I did this first and then had so much leftover that I decided to put it in a springform instead.


So far so good. On to part of the filling: cream cheese, confectioners sugar, and milk.


Add melted chocolate and peanut butter. (I only use Jif. I would rather abstain than eat other peanut butter. That's saying a lot.) It starts to look like goop at this point.


Make homemade whipped cream.


Fold the cream into the chocolate peanut butter mixture and dump in springform.



It was at this point that I realized that something was off. There is too much crust for the pie pan the recipe calls for, and too little filling for it to be in a springform pan. Thus, after you make a chocolate sauce and drizzle on top, you get this. Delicious, but proportionally off.



I suggest you make two 9-inch pie pans and extra mousse. Better yet, call Beef & Beer and get their recipe. You will not be disappointed.

a girly sort of skull

My friend Sarah had few requests for her urban family birthday party : hot dogs, badminton, and chocolate cupcakes with cooked frosting.

I used Magnolia's chocolate cupcake recipe, and started by beating eggs and sugar.


Followed by 6 one-ounce blocks of baker's chocolate...


Mix it all up, adding vanilla and milk mixed separately...


It starts to smooth and turn a nice, smooth chocolately brown...


Fill up those cupcake liners (silver Wilton wrappers to match the forthcoming dragees)


You can see I have no sophisticated way to fill these.

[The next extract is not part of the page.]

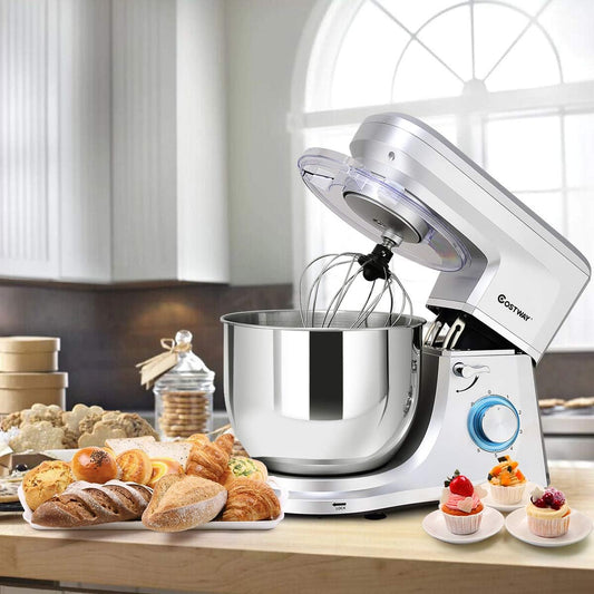 COSTWAY Stand Mixer, 7.5-Quart 660W 6-Speed Electric Mixer with Stainless Steel Bowl, Tilt-head Food Mixer with Dough Hook, Beater, Whisk (Sliver)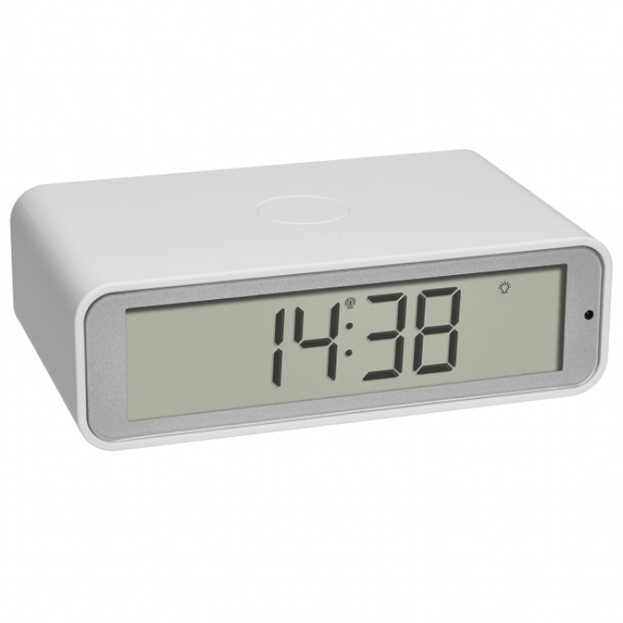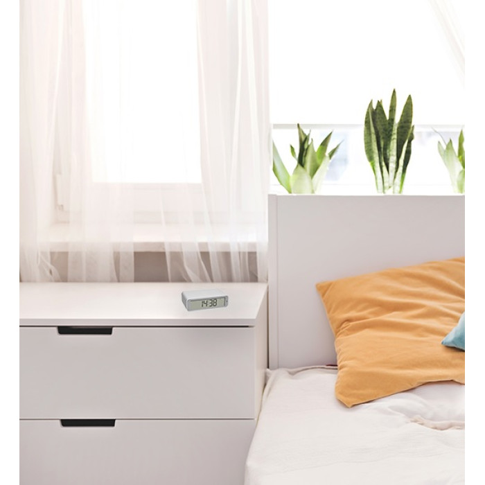 Стильний радіокерований будильник TWIST вражає своїм простим дизайном, доступний у кількох кольорах, простий та інтуїтивно зрозумілий у використанні. Щоб увімкнути або вимкнути будильник, просто поверніть годинник на 180 градусів. Дисплей обертається разом із ним. Завдяки оксамитовій прогумованій поверхні будильник зручно лежить у руці. З першого погляду видно, встановлена сигналізація чи ні. Якщо будильник активний, встановлений час будильника з'являється праворуч. Функцію повтору та підсвічування дисплея можна активувати за допомогою великої сенсорної кнопки вгорі. При увімкненні дисплей стає темним, а цифри яскраво світяться на чорному тлі протягом п'яти хвилин. Якщо ви хочете мати можливість читати час у темряві, ви можете включити тонке нічне підсвічування, яке включається автоматично, коли стає темно, за допомогою датчика освітлення.

Two spoons seem to work just fine for me. While those are baking, I started the cooked frosting, otherwise known as whipped buttercream or perhaps the world's best cupcake frosting. Start with four sticks of butter and two cups of sugar.


About 45 minutes before I whipped the icing, I prepared the "cooked" part by continuously whisking flour and milk until it thickened over the stovetop. This sits on a cooling rack for 3/4 of an hour until a film has formed over the top. Pull the film off and throw it away.


Whip the milk paste mixture in thirds with the butter, sugar, and vanilla already in your mixing bowl. Behold the glory.



Add some Wilton pink rose gel food coloring and you've got fluffy pink heaven. (Always use gel color in frostings, as liquid color will change your consistency and more often than not, separate into multiple colors.)


Ding ding! The cupcakes are finished and ready for finishing touches.


Fill up a piping bag with icing and a medium star tip and go at it.



Sarah loves skulls, so I surprised her by carving white skulls out of rolled fondant. I was rushing like a madwoman at this point, so I didn't take any photos of actually carving the skulls. I decided to spell Happy Birthday Sarah and use skulls on the rest of the cupcakes. I had leftover batter, so I made mini cupcakes as well and added the same silver dragees to those. (I had a brain fart and attempted to take photos of the cupcakes with a flash on a steel table, so the quality isn't fantastic.)


Luckily Sarah got a few. Photos, as well as cupcakes.




Girly and a bit edgy at the same time. A delicious cupcake paradox.